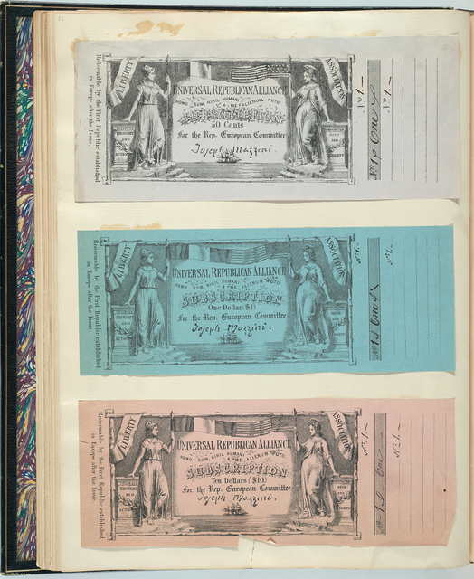 Three printed subscription notes for the Republican European Committee of the Universal Republican Alliance in the amounts of 50 cents, $1, and $10. Contain signature of "Joseph Mazzini." Note that the funds are "redeemable by the First Republic established in Europe after the Issue." John Hay Library, Brown University.
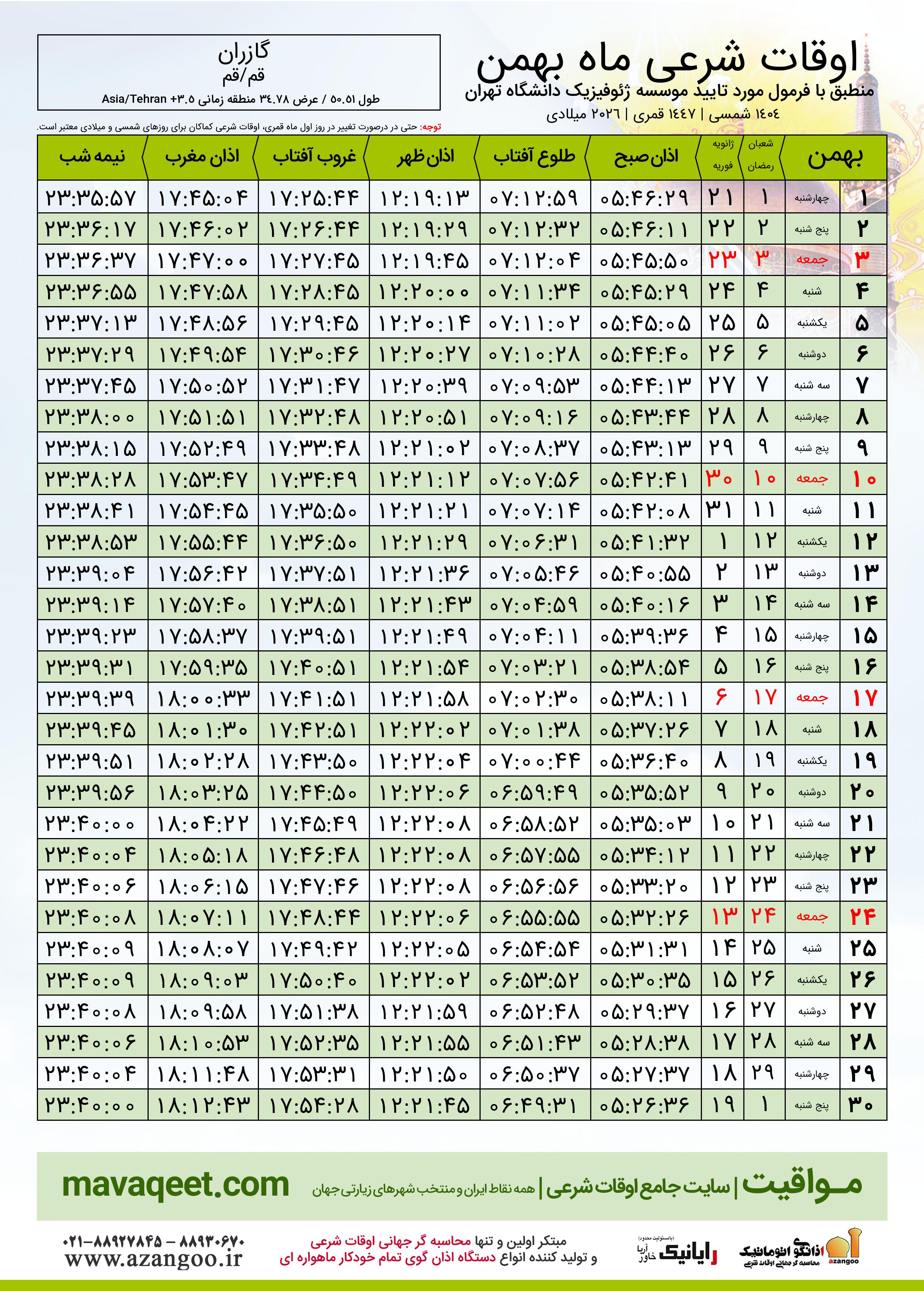 دانلود اوقات شرعی بهمن ٠٤ - ١٤٠٤ شهر گازران
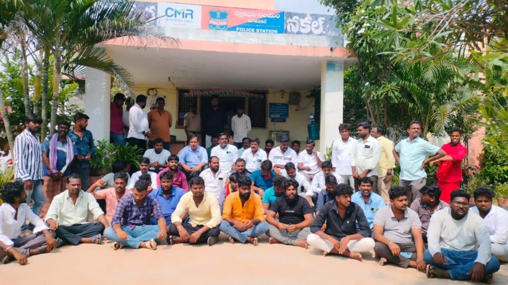 మండల పోలీస్ స్టేషన్ ముందు కాంగ్రెస్ నాయకుల ధర్నా…
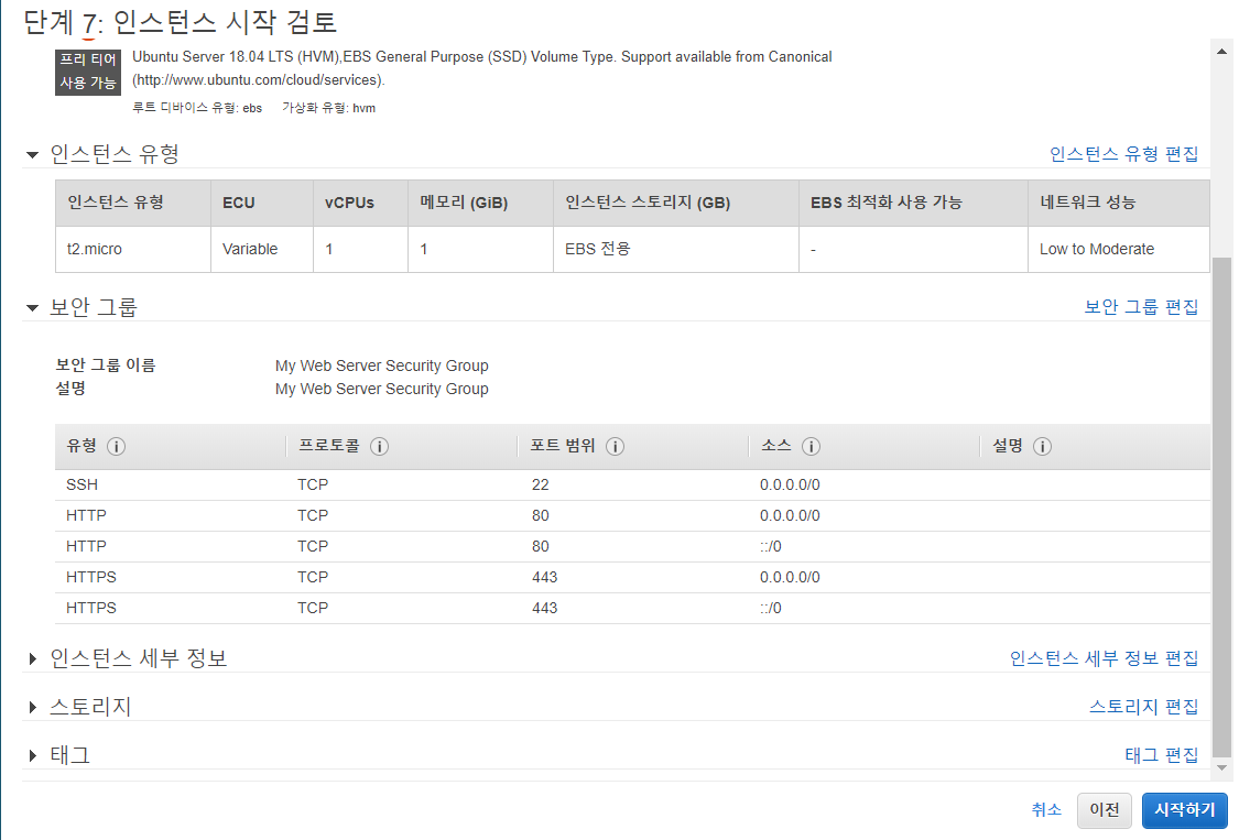 이렇게 된 화면이 보일거다. 웹서버 처럼 사용해야하니깐 그에 맞게 보안그룹을 설정해주자.
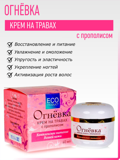 Питательный крем на травах Огнёвка с прополисом состоит исключительно из натуральных компонентов - продукции пчеловодства и фитопрепаратов.
● ● ● ● ●
Output only the lines from the start of the data through the line that holds "మండల పోలీస్ స్టేషన్". Keep them exact and leave the pictures out.

_EXERCISE SOLUTION:_
 Three printed subscription notes for the Republican European Committee of the Universal Republican Alliance in the amounts of 50 cents, $1, and $10. Contain signature of "Joseph Mazzini." Note that the funds are "redeemable by the First Republic established in Europe after the Issue." John Hay Library, Brown University.
 دانلود اوقات شرعی بهمن ٠٤ - ١٤٠٤ شهر گازران
 మండల పోలీస్ స్టేషన్ ముందు కాంగ్రెస్ నాయకుల ధర్నా…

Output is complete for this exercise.